## TASK TO CARRY OUT
Please give back, exactly as written, the lines from the line with "- Совмещенный, или" to the line with "洪副主席一行先游览园区,参观" in the listing below, leaving out all pictures.

## RECORD EXTRACTS
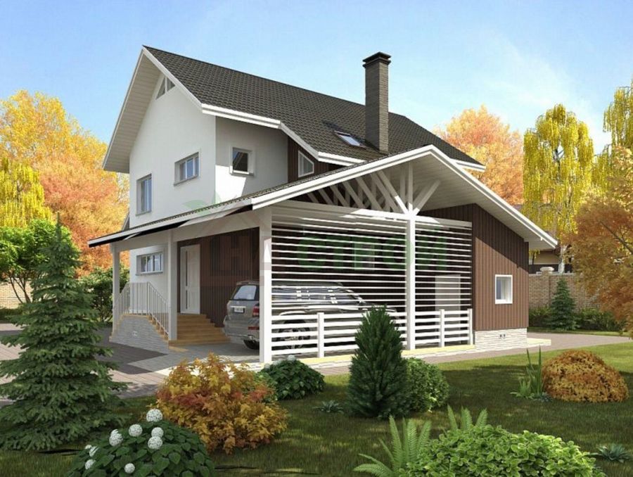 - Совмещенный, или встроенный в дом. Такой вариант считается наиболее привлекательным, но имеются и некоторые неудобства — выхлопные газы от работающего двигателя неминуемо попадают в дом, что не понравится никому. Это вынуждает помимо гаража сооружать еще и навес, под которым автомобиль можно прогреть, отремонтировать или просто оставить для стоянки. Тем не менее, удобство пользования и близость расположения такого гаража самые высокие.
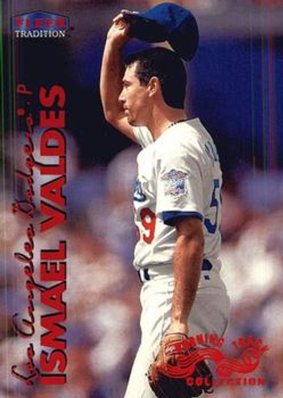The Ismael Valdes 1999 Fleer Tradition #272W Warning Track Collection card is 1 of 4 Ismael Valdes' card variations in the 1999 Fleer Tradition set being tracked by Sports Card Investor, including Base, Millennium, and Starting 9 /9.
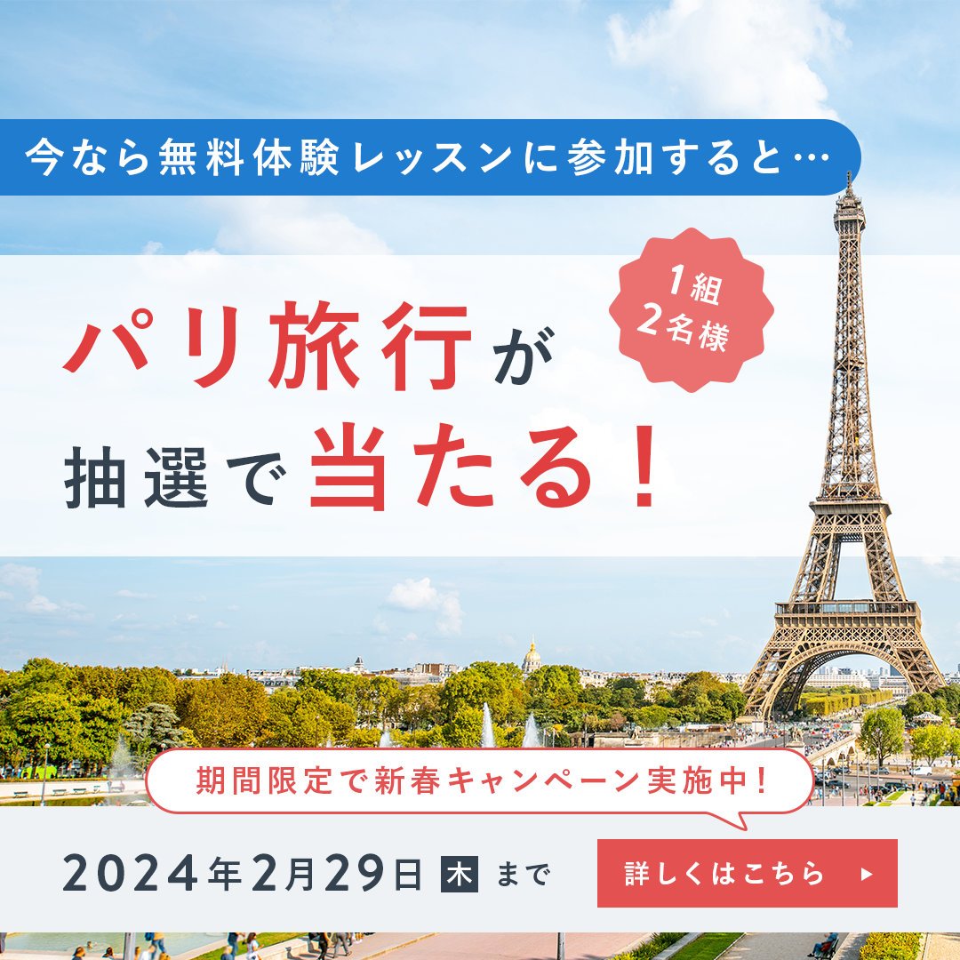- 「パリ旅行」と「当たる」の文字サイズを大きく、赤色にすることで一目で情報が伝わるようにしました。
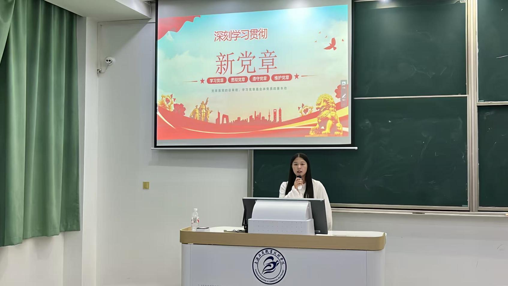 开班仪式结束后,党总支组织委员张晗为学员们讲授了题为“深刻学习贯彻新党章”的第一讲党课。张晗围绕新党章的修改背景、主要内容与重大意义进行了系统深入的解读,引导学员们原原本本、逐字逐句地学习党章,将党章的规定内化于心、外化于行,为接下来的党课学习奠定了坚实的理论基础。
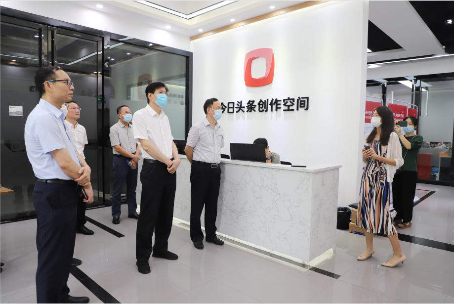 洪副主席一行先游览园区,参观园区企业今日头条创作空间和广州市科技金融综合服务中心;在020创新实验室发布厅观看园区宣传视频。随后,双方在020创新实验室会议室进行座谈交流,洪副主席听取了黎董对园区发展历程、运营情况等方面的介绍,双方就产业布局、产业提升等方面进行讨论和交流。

--

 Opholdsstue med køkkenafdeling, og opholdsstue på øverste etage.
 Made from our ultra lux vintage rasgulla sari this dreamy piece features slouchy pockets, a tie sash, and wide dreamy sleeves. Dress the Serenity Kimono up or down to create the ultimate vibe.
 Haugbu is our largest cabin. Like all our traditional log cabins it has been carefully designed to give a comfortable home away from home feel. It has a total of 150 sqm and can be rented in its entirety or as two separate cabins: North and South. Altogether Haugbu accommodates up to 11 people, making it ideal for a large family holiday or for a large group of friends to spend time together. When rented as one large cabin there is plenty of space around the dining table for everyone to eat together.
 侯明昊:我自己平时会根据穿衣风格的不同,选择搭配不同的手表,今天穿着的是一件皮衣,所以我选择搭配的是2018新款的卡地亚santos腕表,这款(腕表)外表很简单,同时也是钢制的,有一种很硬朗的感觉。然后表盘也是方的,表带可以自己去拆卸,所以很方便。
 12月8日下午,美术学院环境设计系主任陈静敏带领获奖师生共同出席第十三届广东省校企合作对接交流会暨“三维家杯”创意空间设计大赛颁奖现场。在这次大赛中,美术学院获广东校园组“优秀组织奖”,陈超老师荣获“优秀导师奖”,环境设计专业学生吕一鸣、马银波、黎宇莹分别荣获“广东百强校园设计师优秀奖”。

--

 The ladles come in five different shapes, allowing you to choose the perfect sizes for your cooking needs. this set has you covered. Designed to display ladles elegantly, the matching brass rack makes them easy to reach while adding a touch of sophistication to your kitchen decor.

## SOLUTION TO THIS EXERCISE
 - Совмещенный, или встроенный в дом. Такой вариант считается наиболее привлекательным, но имеются и некоторые неудобства — выхлопные газы от работающего двигателя неминуемо попадают в дом, что не понравится никому. Это вынуждает помимо гаража сооружать еще и навес, под которым автомобиль можно прогреть, отремонтировать или просто оставить для стоянки. Тем не менее, удобство пользования и близость расположения такого гаража самые высокие.
The Ismael Valdes 1999 Fleer Tradition #272W Warning Track Collection card is 1 of 4 Ismael Valdes' card variations in the 1999 Fleer Tradition set being tracked by Sports Card Investor, including Base, Millennium, and Starting 9 /9.
- 「パリ旅行」と「当たる」の文字サイズを大きく、赤色にすることで一目で情報が伝わるようにしました。
 开班仪式结束后,党总支组织委员张晗为学员们讲授了题为“深刻学习贯彻新党章”的第一讲党课。张晗围绕新党章的修改背景、主要内容与重大意义进行了系统深入的解读,引导学员们原原本本、逐字逐句地学习党章,将党章的规定内化于心、外化于行,为接下来的党课学习奠定了坚实的理论基础。
 洪副主席一行先游览园区,参观园区企业今日头条创作空间和广州市科技金融综合服务中心;在020创新实验室发布厅观看园区宣传视频。随后,双方在020创新实验室会议室进行座谈交流,洪副主席听取了黎董对园区发展历程、运营情况等方面的介绍,双方就产业布局、产业提升等方面进行讨论和交流。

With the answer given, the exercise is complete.